◆ EXERCISE DIRECTIONS: The records below are to be repeated in full, exactly as they are.

INPUT FOR THIS TASK START

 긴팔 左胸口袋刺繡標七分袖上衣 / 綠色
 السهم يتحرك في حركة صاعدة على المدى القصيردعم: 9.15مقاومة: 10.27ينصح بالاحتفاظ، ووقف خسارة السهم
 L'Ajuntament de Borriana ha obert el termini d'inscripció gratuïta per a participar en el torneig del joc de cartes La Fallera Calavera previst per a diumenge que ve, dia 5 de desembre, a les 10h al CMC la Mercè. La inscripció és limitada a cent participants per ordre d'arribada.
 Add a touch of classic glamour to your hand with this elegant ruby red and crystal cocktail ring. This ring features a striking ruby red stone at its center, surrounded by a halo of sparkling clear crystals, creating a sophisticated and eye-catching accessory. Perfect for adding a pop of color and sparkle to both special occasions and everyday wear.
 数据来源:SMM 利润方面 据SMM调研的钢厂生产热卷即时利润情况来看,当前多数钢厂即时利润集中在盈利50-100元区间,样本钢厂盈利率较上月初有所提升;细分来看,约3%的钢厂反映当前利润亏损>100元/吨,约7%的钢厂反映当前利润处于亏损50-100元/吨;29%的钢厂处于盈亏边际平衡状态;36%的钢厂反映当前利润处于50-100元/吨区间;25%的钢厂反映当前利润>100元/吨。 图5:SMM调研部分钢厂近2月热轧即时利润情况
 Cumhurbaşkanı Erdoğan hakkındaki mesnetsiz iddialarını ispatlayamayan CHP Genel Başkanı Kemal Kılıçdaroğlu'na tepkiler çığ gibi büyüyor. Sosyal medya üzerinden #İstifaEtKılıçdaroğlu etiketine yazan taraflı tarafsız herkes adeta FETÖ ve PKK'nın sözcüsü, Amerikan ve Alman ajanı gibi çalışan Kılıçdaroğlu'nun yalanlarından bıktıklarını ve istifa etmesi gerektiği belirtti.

INPUT FOR THIS TASK END

◆ ANSWER BELOW:
 긴팔 左胸口袋刺繡標七分袖上衣 / 綠色
 السهم يتحرك في حركة صاعدة على المدى القصيردعم: 9.15مقاومة: 10.27ينصح بالاحتفاظ، ووقف خسارة السهم
 L'Ajuntament de Borriana ha obert el termini d'inscripció gratuïta per a participar en el torneig del joc de cartes La Fallera Calavera previst per a diumenge que ve, dia 5 de desembre, a les 10h al CMC la Mercè. La inscripció és limitada a cent participants per ordre d'arribada.
 Add a touch of classic glamour to your hand with this elegant ruby red and crystal cocktail ring. This ring features a striking ruby red stone at its center, surrounded by a halo of sparkling clear crystals, creating a sophisticated and eye-catching accessory. Perfect for adding a pop of color and sparkle to both special occasions and everyday wear.
 数据来源:SMM 利润方面 据SMM调研的钢厂生产热卷即时利润情况来看,当前多数钢厂即时利润集中在盈利50-100元区间,样本钢厂盈利率较上月初有所提升;细分来看,约3%的钢厂反映当前利润亏损>100元/吨,约7%的钢厂反映当前利润处于亏损50-100元/吨;29%的钢厂处于盈亏边际平衡状态;36%的钢厂反映当前利润处于50-100元/吨区间;25%的钢厂反映当前利润>100元/吨。 图5:SMM调研部分钢厂近2月热轧即时利润情况
 Cumhurbaşkanı Erdoğan hakkındaki mesnetsiz iddialarını ispatlayamayan CHP Genel Başkanı Kemal Kılıçdaroğlu'na tepkiler çığ gibi büyüyor. Sosyal medya üzerinden #İstifaEtKılıçdaroğlu etiketine yazan taraflı tarafsız herkes adeta FETÖ ve PKK'nın sözcüsü, Amerikan ve Alman ajanı gibi çalışan Kılıçdaroğlu'nun yalanlarından bıktıklarını ve istifa etmesi gerektiği belirtti.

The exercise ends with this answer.